Step 1: Load Dataset

# Load dataset
iris = load_iris()
X = iris.data  # Features
y = iris.target  # Target classes

# Convert to DataFrame
df = pd.DataFrame(X, columns=iris.feature_names)
df['Target'] = y

# Display first 5 rows
print(df.head())

Step 2: Split Data into Training and Testing Sets

# Split into training (80%) and testing (20%) sets
X_train, X_test, y_train, y_test = train_test_split(X, y, test_size=0.2, random_state=42)

Step 3: Train the SVM Classifier

# Create SVM model with RBF kernel
svm_model = SVC(kernel='rbf', C=1.0, gamma='scale')

# Train the model
svm_model.fit(X_train, y_train)

Step 4: Make Predictions

# Predict on test data
y_pred = svm_model.predict(X_test)

Step 5: Evaluate Model Performance

# Accuracy Score
accuracy = accuracy_score(y_test, y_pred)
print("Accuracy:", accuracy)

# Classification Report
print("Classification Report:\n", classification_report(y_test, y_pred))

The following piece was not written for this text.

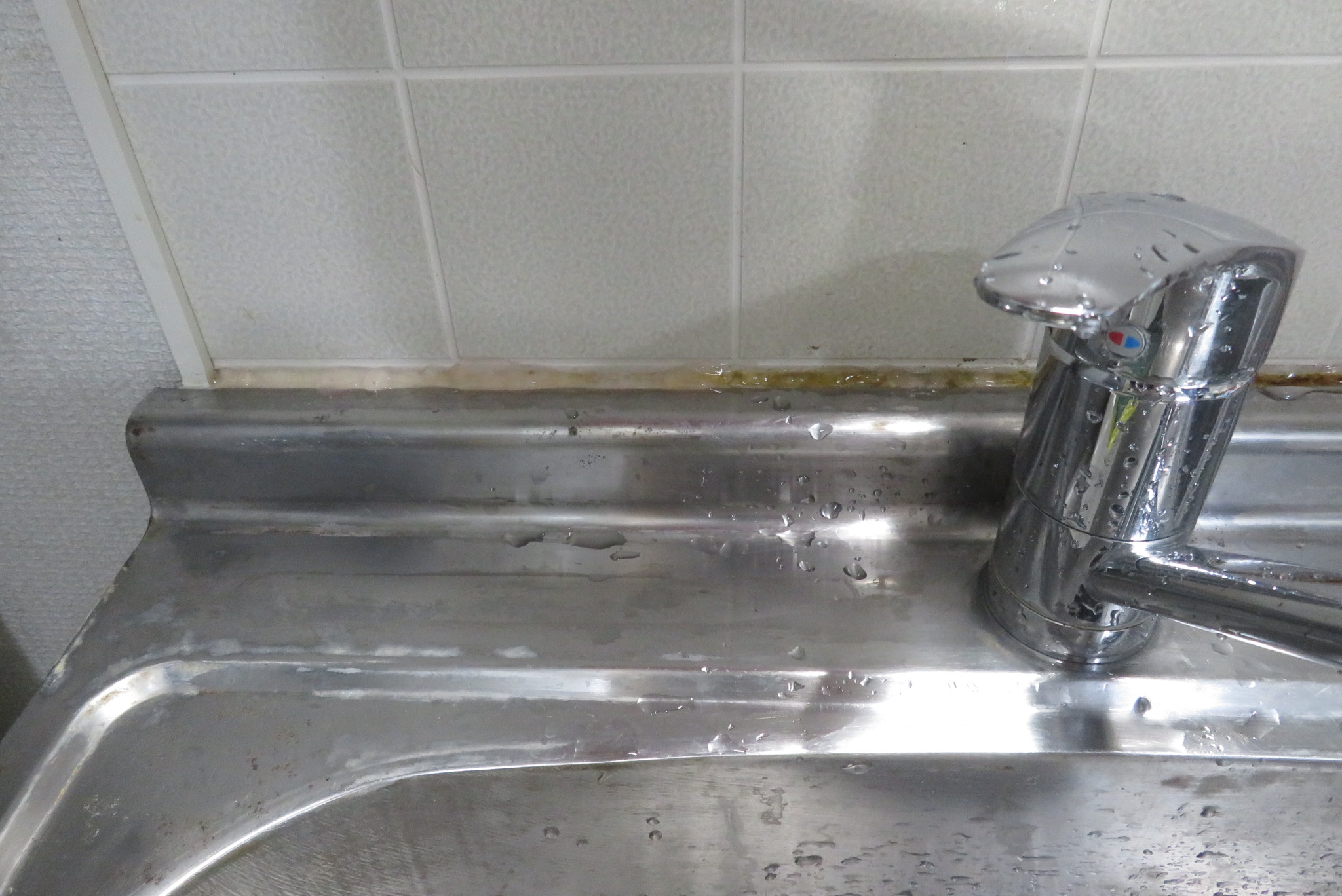 中央タイルとステンレスの境目にカビが付着して根を貼っている。

5. SVM for Regression (California Housing Dataset Example)

Step 1: Load Dataset

from sklearn.datasets import fetch_california_housing

# Load dataset
data = fetch_california_housing()
X = data.data
y = data.target

# Convert to DataFrame
df = pd.DataFrame(X, columns=data.feature_names)
df['Target'] = y

# Display first 5 rows
print(df.head())

Step 2: Split Data into Training and Testing Sets

X_train, X_test, y_train, y_test = train_test_split(X, y, test_size=0.2, random_state=42)

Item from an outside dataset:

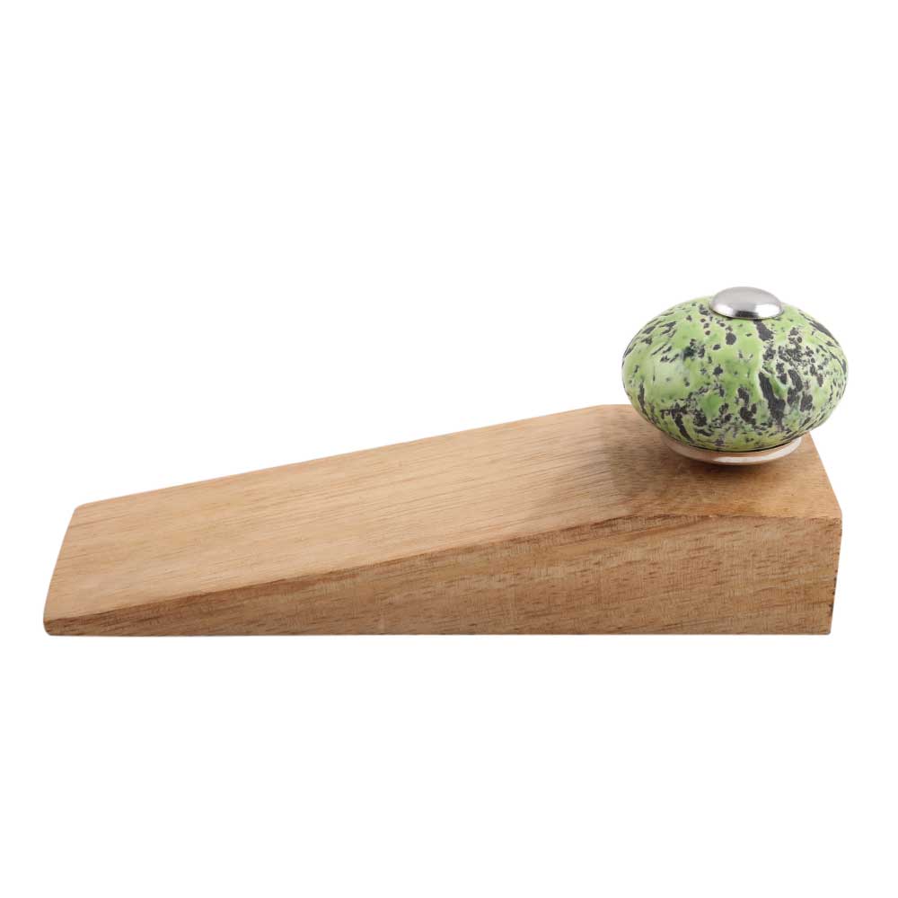 Handmade Ceramic and Wooden Door Stopper.Wooden Door Stopper with a Ceramic Knob to Carry it Easily. This Wooden Door Stopper has Glue Dots under it to Ensure that it does not Slip. It is Handmade by the Craftsmen of India and this Innovative Door Stopper won't Disappoint You.

Step 3: Train the SVM Regressor

# Create SVM Regressor model with RBF kernel
svm_regressor = SVR(kernel='rbf', C=1.0, gamma='scale')

# Train the model
svm_regressor.fit(X_train, y_train)

Step 4: Make Predictions

# Predict on test data
y_pred = svm_regressor.predict(X_test)

Step 5: Evaluate Model Performance

from sklearn.metrics import mean_squared_error

# Calculate Mean Squared Error
mse = mean_squared_error(y_test, y_pred)
print("Mean Squared Error:", mse)

6. Understanding the Output

🔹 Accuracy Score → Percentage of correctly classified instances.
🔹 Classification Report → Precision, Recall, F1-score for each class.
🔹 Mean Squared Error (Regression) → Measures how well the model predicts continuous values.

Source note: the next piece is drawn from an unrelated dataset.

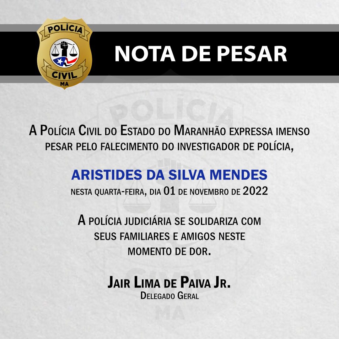 Notícias NOTA DE PESAR ASCOM PC/MA 2 de novembro de 2022 277 FacebookTwitterE-mailWhatsApp A Polícia Civil do Maranhão expressa imenso pesar pelo falecimento do investigador de Polícia,Aristides da Silva Mendes , nesta quarta-feira (1). A Polícia Judiciária se solidariza com seus familiares e amigos neste momento de dor.
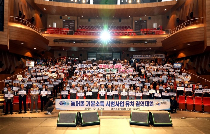 영광군은 지난 10월 2일 오후 2시, 영광문화예술의전당 대공연장에서 '농어촌기본소득 시범사업 유치 결의대회'를 성황리에 개최했다.

7. Choosing the Right Kernel

Kernel	When to Use
Linear Kernel	When data is linearly separable
Polynomial Kernel	When data has polynomial relationships
RBF Kernel	When data is not linearly separable
Sigmoid Kernel	When data has similarity-based relationships

8. Advantages & Disadvantages of SVM

✅ Advantages

✔ Works well for small datasets.
✔ Effective in high-dimensional spaces.
✔ Robust to outliers (with soft margin tuning).

❌ Disadvantages

❌ Slow for large datasets.
❌ Choosing the right kernel is tricky.
❌ Difficult to interpret results compared to Decision Trees.

Summary

✔ SVM finds the best hyperplane that separates classes with the maximum margin.
✔ It uses kernel functions (Linear, RBF, Polynomial) to handle non-linear data.
✔ SVM can be used for both classification (SVC) and regression (SVR).
✔ It works best for small-to-medium-sized datasets.